7. Undirected Decision Dynamics
Consider a game of cards, a random game of cards. Namely
when the deal changes so too may the game. Five card stud and so forth may be
chosen. Thus every time a new game starts the system must first ascertain what
the game is and then learn it and then play it. This area naturally fits into
what we have seen for decades as war games. Certain centers such as the Naval
War College conduct a multiplicity of games to see what scenarios could be
presented by a variety of putative adversaries. Then we examine the response
and continue the effort. The 1984 movie, War Games is a classic initial
presentation of taking this simulation approach, placing the "rules"
on a computer, and hen taking the "human" out of the loop. War Games
are a classic example of undirected decision dynamics. We do not know the game
the adversary is playing and the only way to asses this is sampling highly
uncertain information, possibly taking some action to see the response and then
redirecting our efforts according to some overall metric of success.
The 1950-1970 period laid out a multiplicity of War Game
Scenarios in a nuclear environment. Survival of a limited number of humans
capable of reproducing was the acceptable end point. The destruction of society
and billions was acceptable. Until some started to think a bit about this
"mutual assured destruction" approach. Taking the "Games"

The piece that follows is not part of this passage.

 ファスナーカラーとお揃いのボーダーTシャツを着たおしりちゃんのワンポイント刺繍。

and placing them on a computer would be the ultimate enablement of an
undirected dynamic decision AI system. One would suspect that perhaps as in the
film the ultimate decision is "not to play the game".

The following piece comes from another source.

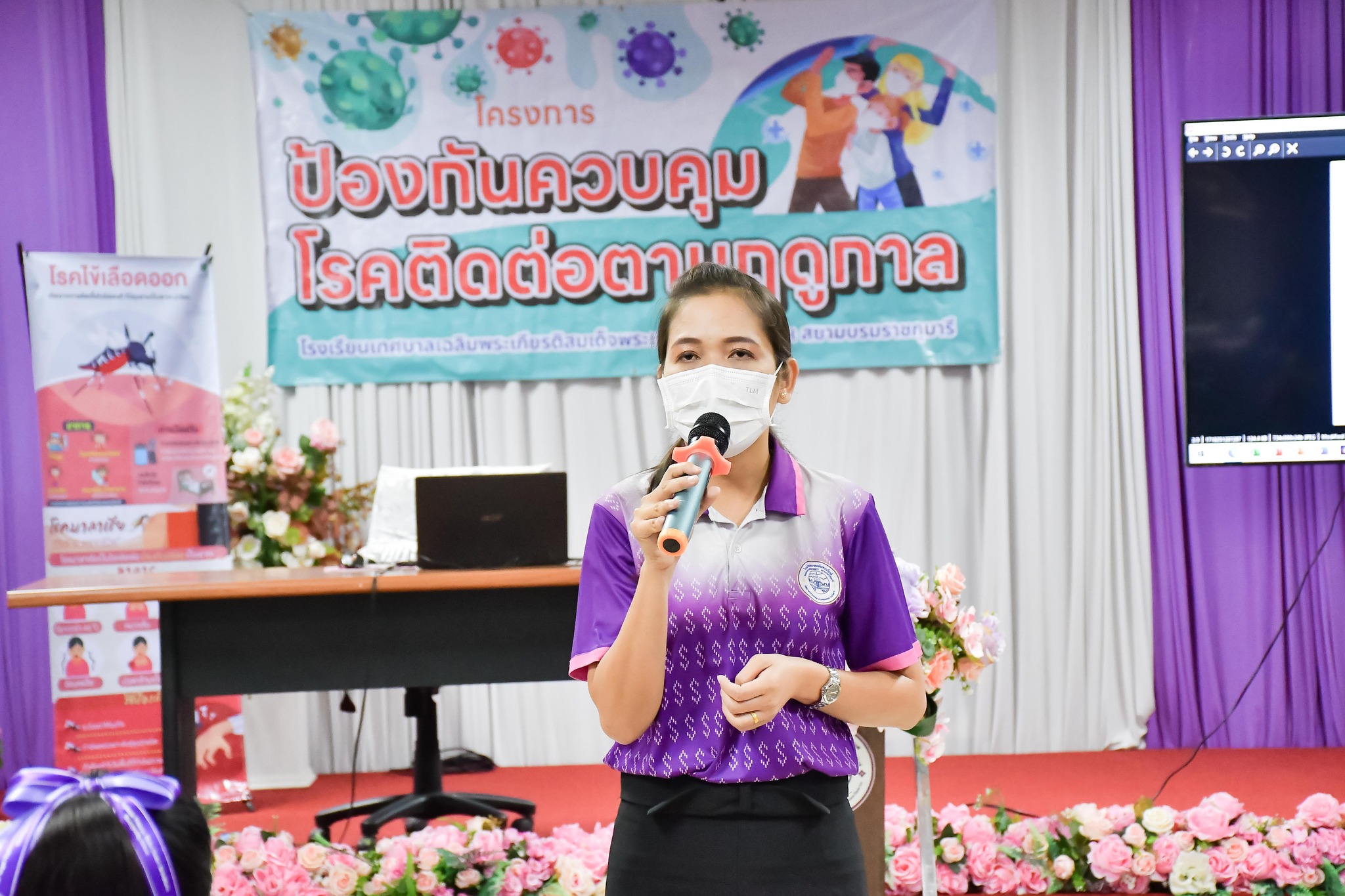 การป้องกันควบคุมโรคติดต่อตามฤดูกาลในสถานศึกษานางสาวนิภาภรณ์ อินนาคกูล ผู้อำนวยการสถานศึกษา มอบหมายให้นางสาวณัฐชนา อยู่เจริญ หัวหน้างานอนามัยโรงเรียน เป็นประธานในการจัดกิจกรรมโครงการการป้องกันควบคุมโรคติดต่อตามฤดูกาลร่วมกับคลินิกอบอุ่นเทศบาลนครแม่สอด ให้ความรู้กับบุคลากรทางการศึกษา นักเรียน จำนวน 160 คน ณ ห้องม่วงเทพนคร นางสาวปัทมพร ใจยาเก๋ ตำแหน่ง นักวิชาการสาธรณสุขชำนาญการ กล่าวว่า ปัญหาโรคติดต่อเป็นปัญหาที่สำคัญการเปลี่ยนแปลงของสภาพอากาศและสิ่งแวดล้อมเป็นสาเหตุที่ทำให้เกิดโรคติดต่อหลายชนิด เนื่องจากเชื้อโรคจะมีชีวิตอยู่ในสิ่งแวดล้อมได้นานขึ้นเจริญเติบโตได้รวดเร็ว สามารถแพร่ระบาดได้ง่ายและเร็ว เช่น โรคติดต่อทางระบบหายใจ(ไข้หวัดใหญ่ โควิด-19) โรคติดต่อที่มียุงเป็นพาหะ(ไข้เลือดออก) โรคติดต่อทางอาหารและน้ำ(อุจจาระร่วง) และโรคติดต่ออื่น ๆ (มือ เท้า ปาก,ทางเดินหายใจ ฉี่หนู) โดยนักเรียน และบุคลากรทางการศึกษาจะต้องทราบถึงสาเหตุและแนวทางป้องกันโรคที่เกิดขึ้นในพื้นที่ เพื่อให้ระมัดระวังและป้องกันปัจจัยเสี่ยงต่อโรค โดยเฉพาะในกลุ่มเด็กเล็ก ผู้สูงอายุ ผู้ที่มีโรคประจำตัว และผู้ป่วยโรคเรื้อรัง การดำเนินงานเฝ้าระวังป้องกันควบคุมโรคและภัยสุขภาพของนักเรียน และบุคลากรทางการศึกษา ในพื้นที่จะต้อง รวดเร็ว ทันเหตุการณ์จึงจะมีประสิทธิภาพและประสิทธิผลต่อสุขภาพ ภายใต้การมีส่วนร่วมจากภาคท้องถิ่น และภาคประชาชน วางแผนป้องกันควบคุมโรคและภัยสุขภาพในพื้นที่ โดยการดำเนินงานในลักษณะ “ร่วมคิด ร่วมวางแผนร่วมดำเนินการร่วมประเมินผล และร่วมรับผิดชอบ” ในทุกระดับเพื่อช่วยกันค้นหาปัญหา จึงจะสามารถแก้ไขต้นตอของปัญหาการเกิดโรค นักเรียนและบุคลากรทางการศึกษา จะต้องดำเนินการแก้ไขปัญหาที่สอดคล้องกับบริบทและสภาพปัญหาของแต่ละพื้นที่ภายใต้ศักยภาพพื้นที่ของตนเอง หน่วยงานที่เกี่ยวข้องทุกระดับให้ความสำคัญกับปัญหาสุขภาพที่แท้จริงของพื้นที่เป็นหลัก สามารถเชื่อมโยงผสมผสานแนวคิด องค์ความรู้เข้ากับบริบทของพื้นที่ จึงจะทำให้เกิดการมีส่วนร่วมในการบริหารจัดการในระดับพื้นที่อย่างต่อเนื่องและยั่งยืนต่อไปในอนาคต โรงเรียนเทศบาลเฉลิมพระเกียรติสมเด็จพระเทพรัตนราชสุดา ฯ สยามบรมราชกุมารี จึงได้จัดทำโครงการป้องกันควบคุมโรคติดต่อตามฤดูกาลขึ้น เพื่อส่งเสริมนักเรียน และบุคลากรทางการศึกษาสามารถป้องกันตนเองไม่ให้ป่วยด้วยโรคติดต่อที่ป้องกันได้ เพื่อพัฒนาศักยภาพ ทักษะส่วนบุคคลและชุมชน ให้เกิดค

Now a recent case which may fit this scenario is that of the
self-driving car. At best we may tell the vehicle the desired end point. We
could equally ask the vehicle to take us to view the Fall foliage in New
England, thus creating a second layer of vagueness but with some modicum of specificity.
8. Thinking
What is thinking. Does it mean I can write a poem? Write a
short story. Devise a new algorithm or find a new chemical pathway or genetic
pathway? Can some AI system develop a new philosophical approach, say aligning
Wittgenstein and Heidegger? These become complex and beyond what may appear
today.
However when we examine the machines that think which
Gerrish describes we find a set of common threads.
1. Directed
All of the examples are task directed. They drive a car,
play a game, work a test, and even may diagnose a disease. They are not general
in any way.
2. Trained
They all get trained to do a task. Their advantage is the
ability to look ahead but along the path already that they were trained upon.
3. Bounded
Each approach is limited to the task at hand and cannot
readily or possibly at all be used for even a moderately different task. The
machine plays Go, Chess, Atari Games, but cannot go laterally to another game.
4. Common Techniques
Whether we call it deep learning, neural nets, hidden Markov
models or whatever, there are some common methodologies that enable the directed
and learning to get the systems to maximize their performance. Driving a care has
two objectives; get to where you want, and do so in a harmless a manner as
possible. There is a path and there are exogeneous limitations.
Thus AI as a broad rubric can be understood as such, it yet
fails to achieve what we saw a century ago in radio design for example.